---------- Entries provided ----------
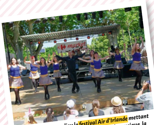
Le 8 juin dernier a eu lieu le festival Air d'Irlande mettant à l'honneur la culture irlandaise à travers la musique, la danse et l'artisanat.

Les derniers mois ont été intenses. Retour en images sur les temps forts qui ont animé notre commune.
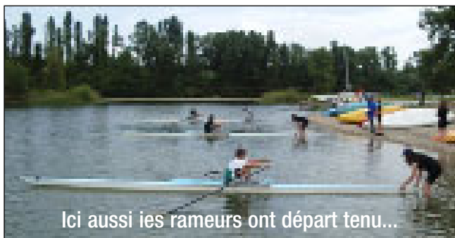
3 un de couple au ordre du styrer.

Maintenant tout ce petit monde n'a plus qu'à s'exprimer lors des épreuves de zone qualificatives pour le Championnat national.
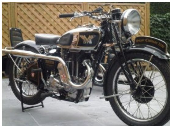
De G80 'Super' Clubman met o.a. zijn prachtige 'Upswept Twin Port' uitlaat.

Anno 2012 zijn er van het 1939 model nog slechts 2 gekende exemplaren: één in het Motor Museum van Birmingham en één in Wieze, op 11 & 12 februari!
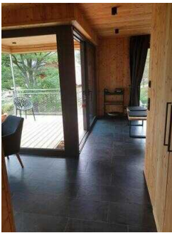
Weg im Haus
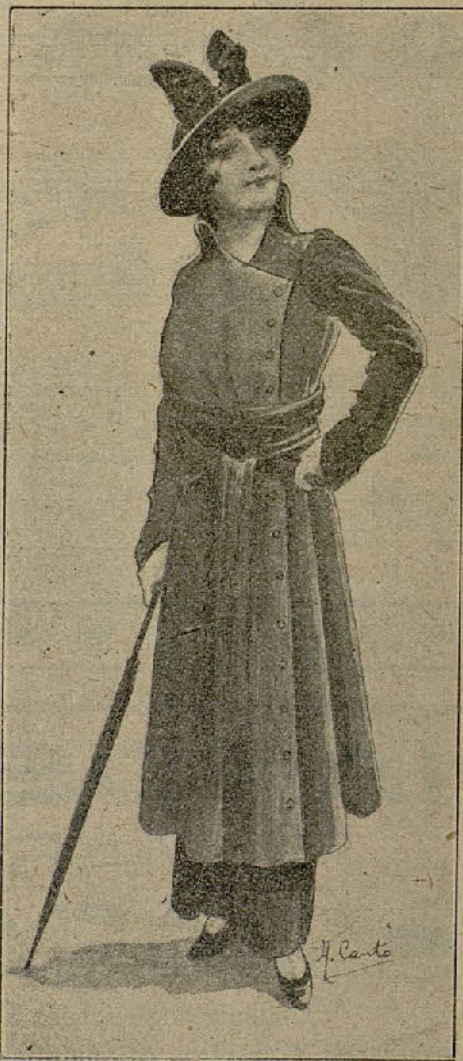
Traje sastre, color gris oscuro, falda, cuello y faja de terciopelo negro

Por fin el gran momento llegó. Era la hora de la comida.
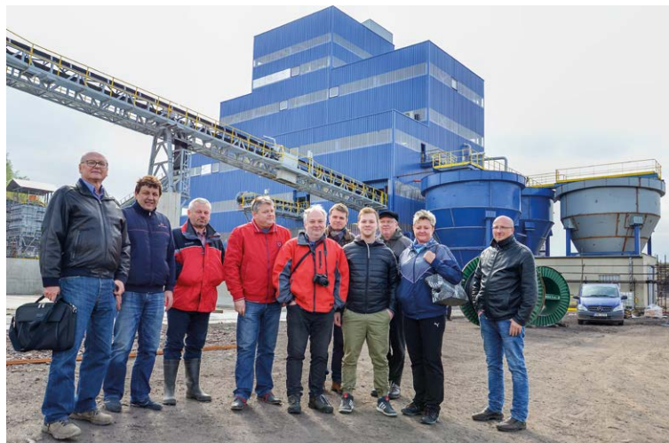
V HEŘMANICÍCH. Členové komise při prohlídce nové technologie 12. dubna.
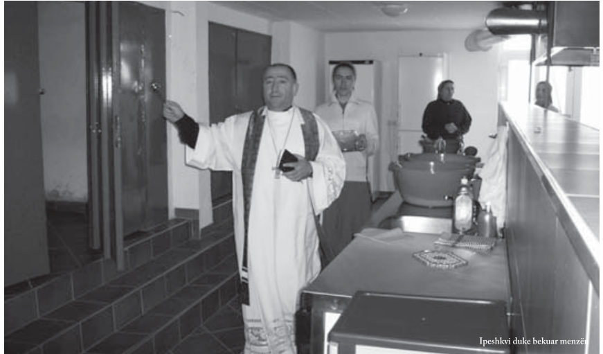
Ipeshkvi duke bekuar menzë

ipeshkvit, ky projekt u realizua pranë kishës së Shna Ndout në Prishtinë, dhe më 20 shtator 2008, ipeshkvi, në prani të meshtarëve, motrave dhe mysafirëve tjerë e bëri bekimin e saj. Ndër tjera, në fjalët e rastit ipeshkvi uroi që kjo menzë të jetë një strehë për njerëzit e varfër,
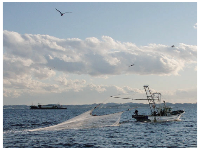
東京湾の代表的な底引網漁
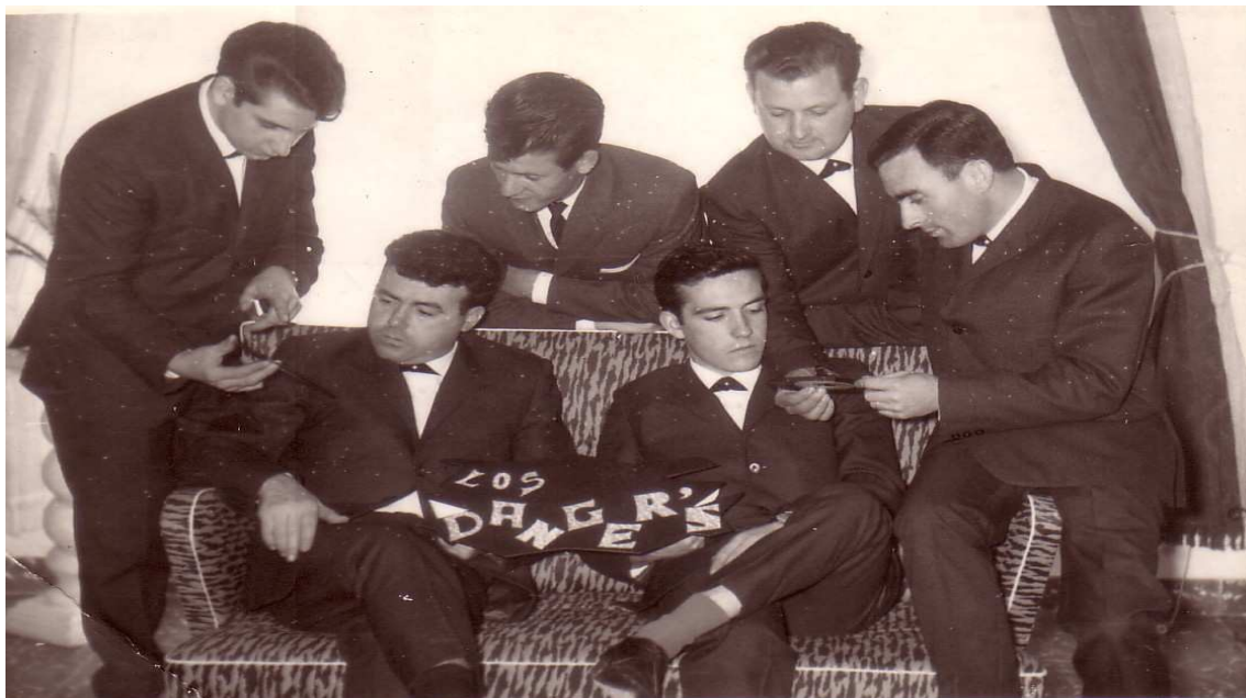
- Los Dangers -

Aquí tenim dos d'aquests grups, què van fer ballar i cantar a aquelles generacions amb les seves actuacions als escenaris de tota la nostra geografia:
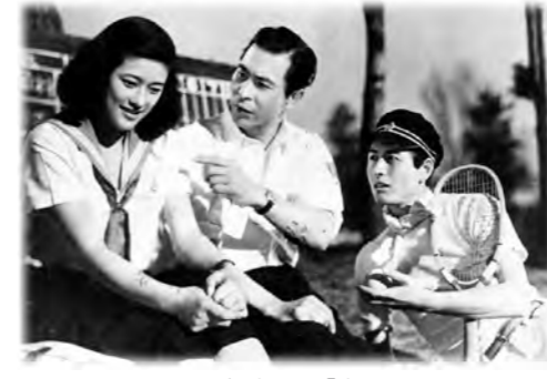
昭和24年作品 「青い山脈」

文化庁の優秀映画鑑賞普及事業として、近代日本の光と陰を情感ゆたかなりアリズムで描いた作品を2本上映いたします。
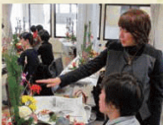
中津会場 ※写真は昨年のものです。
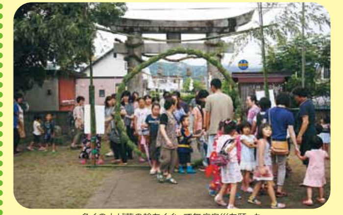
多くの人が茅の輪をくぐって無病息災を願った
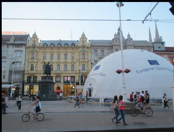
Zagreb, Trg bana Josipa Jelačića, 11. lipanj 2015. ... večer prije otvaranja ...
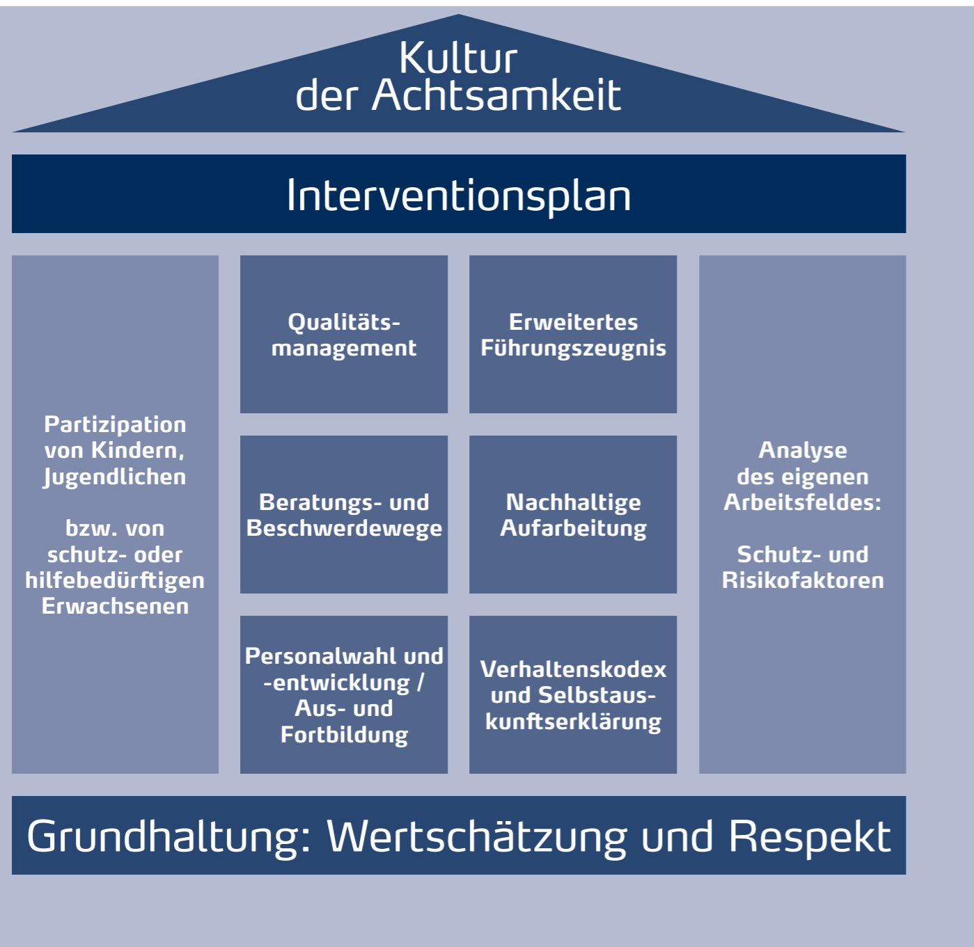
Abbildung 1: Institutionelles Schutzkonzept
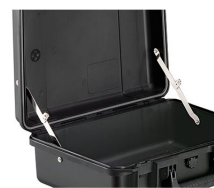
iM-LIDSTAY Кронштейн для опоры откидной крышки
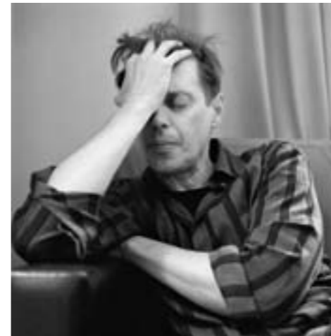
Steve Buscemi, 2004 Sam Taylor-Johnson C-Print, 99,2 × 99,2 cm
----------
**Assignment**
If a line above includes the string "menzë", pick it out.

**Solution for this problem**
Ipeshkvi duke bekuar menzë
ipeshkvit, ky projekt u realizua pranë kishës së Shna Ndout në Prishtinë, dhe më 20 shtator 2008, ipeshkvi, në prani të meshtarëve, motrave dhe mysafirëve tjerë e bëri bekimin e saj. Ndër tjera, në fjalët e rastit ipeshkvi uroi që kjo menzë të jetë një strehë për njerëzit e varfër,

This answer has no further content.